**Your task**
What you return should be the lines from the one with "Bonitas colônias de" through the one with "Table basse à" in the data below, reproduced exactly with both ends, and no pictures at all.

**Data for the task**
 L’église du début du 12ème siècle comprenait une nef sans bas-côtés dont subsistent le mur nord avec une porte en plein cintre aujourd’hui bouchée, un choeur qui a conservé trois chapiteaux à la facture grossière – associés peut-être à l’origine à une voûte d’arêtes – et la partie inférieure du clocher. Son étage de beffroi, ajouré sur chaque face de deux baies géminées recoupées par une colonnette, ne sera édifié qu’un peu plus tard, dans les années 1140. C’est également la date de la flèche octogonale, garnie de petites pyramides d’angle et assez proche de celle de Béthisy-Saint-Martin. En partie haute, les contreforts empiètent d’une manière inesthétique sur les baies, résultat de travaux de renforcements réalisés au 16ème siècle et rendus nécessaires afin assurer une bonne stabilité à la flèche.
---
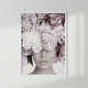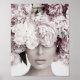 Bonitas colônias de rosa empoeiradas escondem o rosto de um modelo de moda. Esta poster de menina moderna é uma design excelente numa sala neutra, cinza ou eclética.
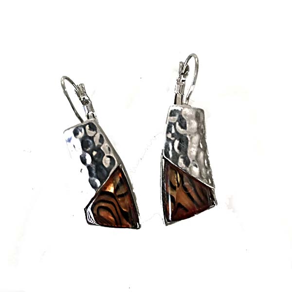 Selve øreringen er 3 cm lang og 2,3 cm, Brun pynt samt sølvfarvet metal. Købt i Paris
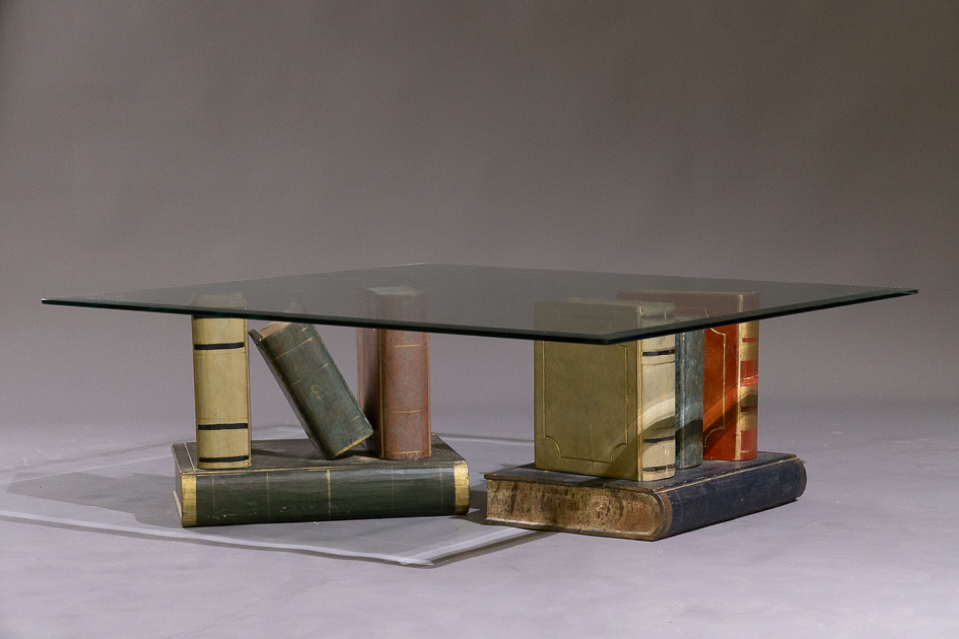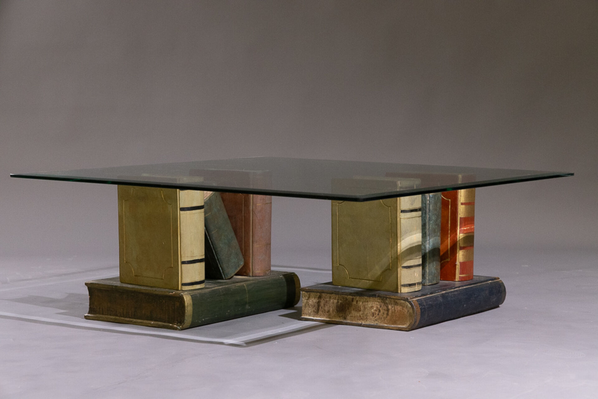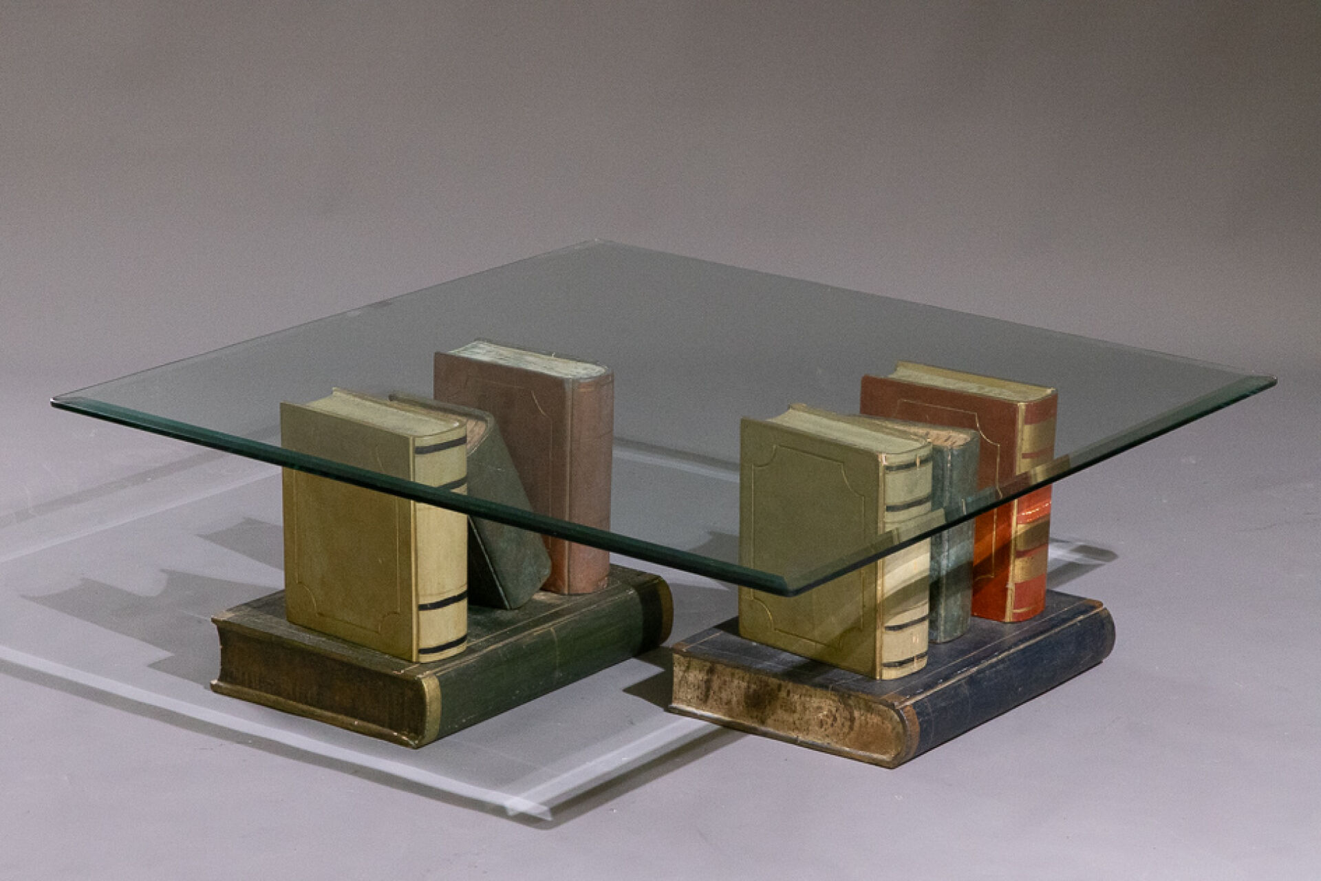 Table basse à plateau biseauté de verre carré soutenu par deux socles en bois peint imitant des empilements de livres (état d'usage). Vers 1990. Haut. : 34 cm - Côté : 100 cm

**Result**
 Bonitas colônias de rosa empoeiradas escondem o rosto de um modelo de moda. Esta poster de menina moderna é uma design excelente numa sala neutra, cinza ou eclética.
 Selve øreringen er 3 cm lang og 2,3 cm, Brun pynt samt sølvfarvet metal. Købt i Paris
 Table basse à plateau biseauté de verre carré soutenu par deux socles en bois peint imitant des empilements de livres (état d'usage). Vers 1990. Haut. : 34 cm - Côté : 100 cm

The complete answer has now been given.